#### EXERCISE
Beginning at the line that contains "О подключении появится", reproduce the entries below exactly, ending with the line that contains "湖北省城市供水水質(zhì)". Omit each picture.

§

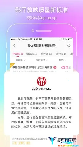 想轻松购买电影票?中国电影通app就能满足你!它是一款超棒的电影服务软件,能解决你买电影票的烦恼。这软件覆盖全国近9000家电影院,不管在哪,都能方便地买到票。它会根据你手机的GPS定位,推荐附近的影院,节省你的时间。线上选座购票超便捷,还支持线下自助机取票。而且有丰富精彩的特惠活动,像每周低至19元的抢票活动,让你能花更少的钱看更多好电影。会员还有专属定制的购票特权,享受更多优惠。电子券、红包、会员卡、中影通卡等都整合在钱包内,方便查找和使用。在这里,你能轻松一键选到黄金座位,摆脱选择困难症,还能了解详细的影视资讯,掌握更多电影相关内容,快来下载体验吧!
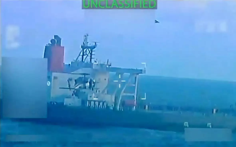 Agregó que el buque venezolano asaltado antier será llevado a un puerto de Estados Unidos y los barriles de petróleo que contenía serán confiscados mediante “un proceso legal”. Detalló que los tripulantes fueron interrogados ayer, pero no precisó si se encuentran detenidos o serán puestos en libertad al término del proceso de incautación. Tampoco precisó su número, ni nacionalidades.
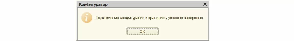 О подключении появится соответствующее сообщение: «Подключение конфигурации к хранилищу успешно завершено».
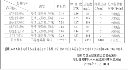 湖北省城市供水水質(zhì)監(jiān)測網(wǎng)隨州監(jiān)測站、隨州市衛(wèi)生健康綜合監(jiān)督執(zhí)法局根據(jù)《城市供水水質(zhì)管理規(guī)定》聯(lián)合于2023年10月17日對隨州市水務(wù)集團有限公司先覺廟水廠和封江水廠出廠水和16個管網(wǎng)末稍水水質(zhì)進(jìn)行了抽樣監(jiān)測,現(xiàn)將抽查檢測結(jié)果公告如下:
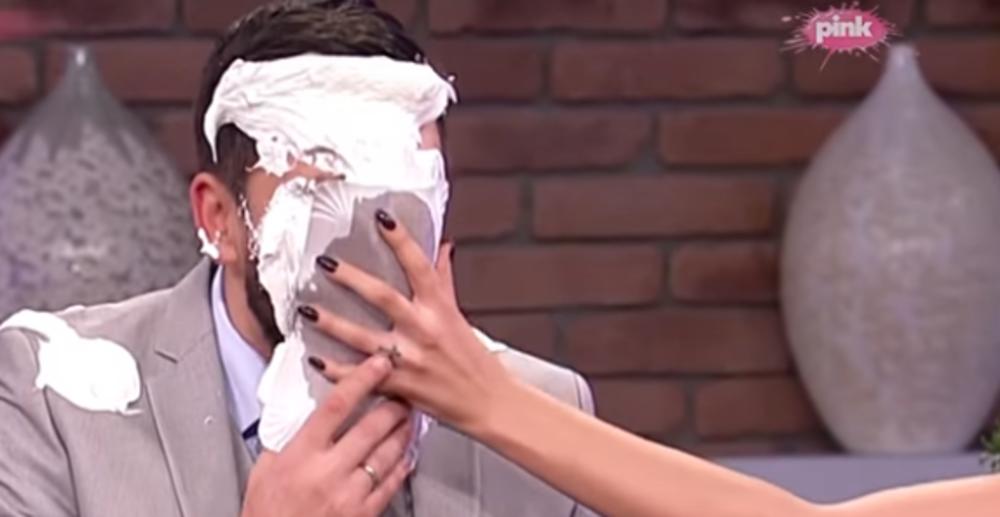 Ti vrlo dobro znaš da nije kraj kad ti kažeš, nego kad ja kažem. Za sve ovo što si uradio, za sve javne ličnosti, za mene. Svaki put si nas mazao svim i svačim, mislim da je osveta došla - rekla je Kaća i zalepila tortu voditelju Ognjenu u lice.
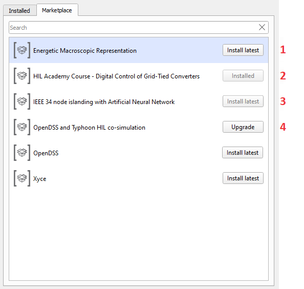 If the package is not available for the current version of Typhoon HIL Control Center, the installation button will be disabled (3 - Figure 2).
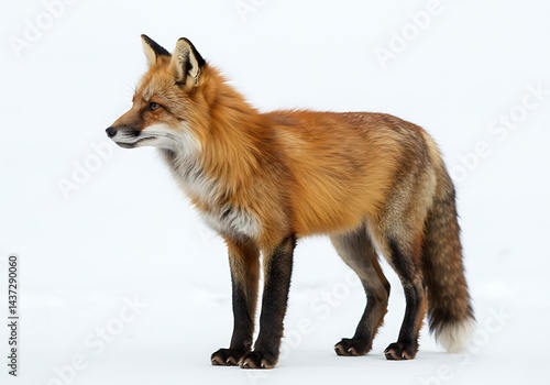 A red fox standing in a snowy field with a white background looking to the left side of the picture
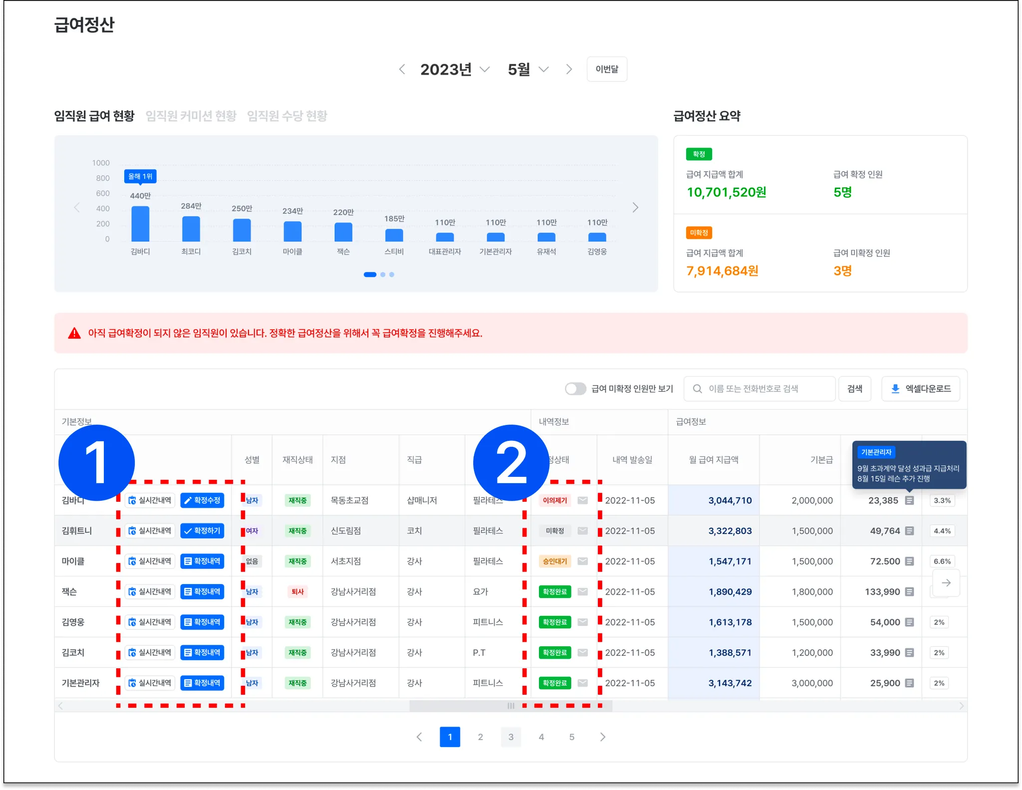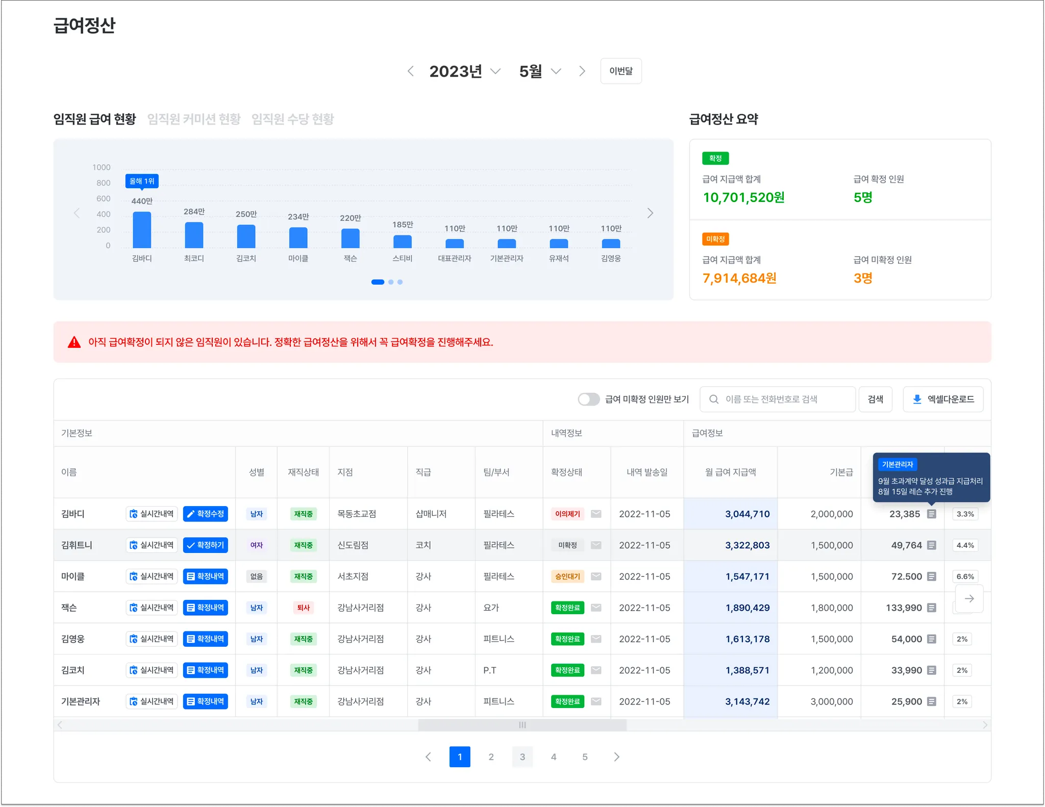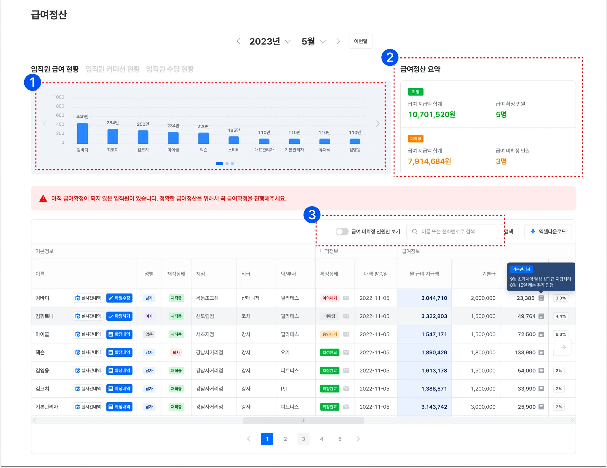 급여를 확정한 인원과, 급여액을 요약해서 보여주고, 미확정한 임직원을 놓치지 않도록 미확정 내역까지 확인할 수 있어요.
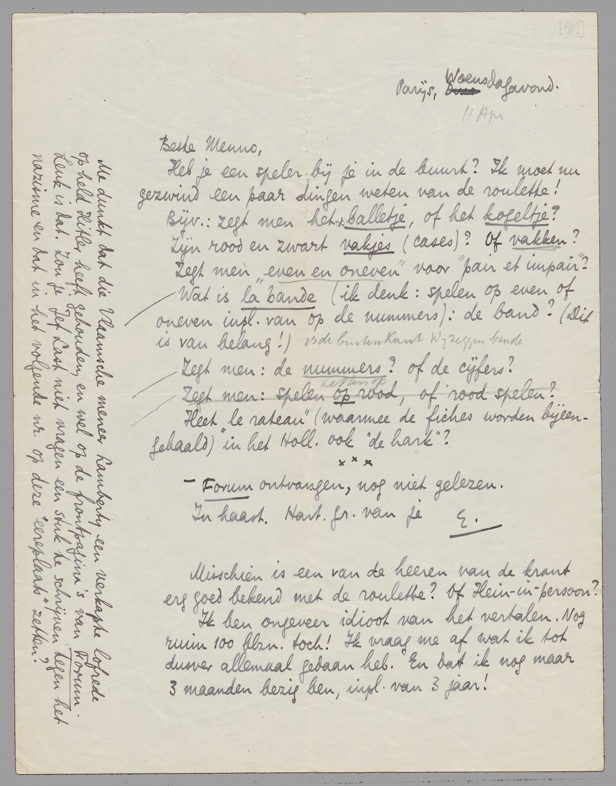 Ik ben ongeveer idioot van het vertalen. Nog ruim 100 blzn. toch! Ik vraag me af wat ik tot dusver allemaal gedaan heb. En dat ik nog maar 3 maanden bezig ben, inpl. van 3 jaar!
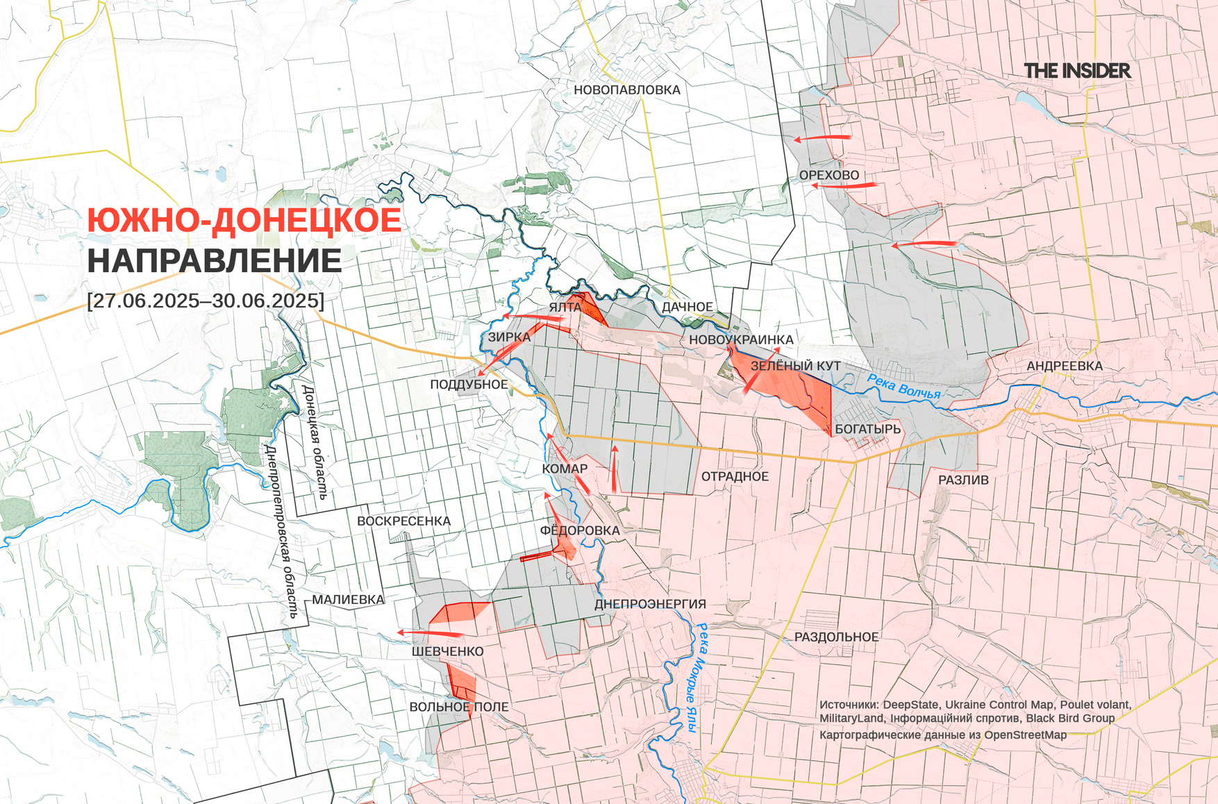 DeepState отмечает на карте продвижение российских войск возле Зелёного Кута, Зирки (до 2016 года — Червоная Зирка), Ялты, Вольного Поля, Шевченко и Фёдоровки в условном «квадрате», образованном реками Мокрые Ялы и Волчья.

§

#### ANSWER SPACE
 О подключении появится соответствующее сообщение: «Подключение конфигурации к хранилищу успешно завершено».
 湖北省城市供水水質(zhì)監(jiān)測網(wǎng)隨州監(jiān)測站、隨州市衛(wèi)生健康綜合監(jiān)督執(zhí)法局根據(jù)《城市供水水質(zhì)管理規(guī)定》聯(lián)合于2023年10月17日對隨州市水務(wù)集團有限公司先覺廟水廠和封江水廠出廠水和16個管網(wǎng)末稍水水質(zhì)進(jìn)行了抽樣監(jiān)測,現(xiàn)將抽查檢測結(jié)果公告如下:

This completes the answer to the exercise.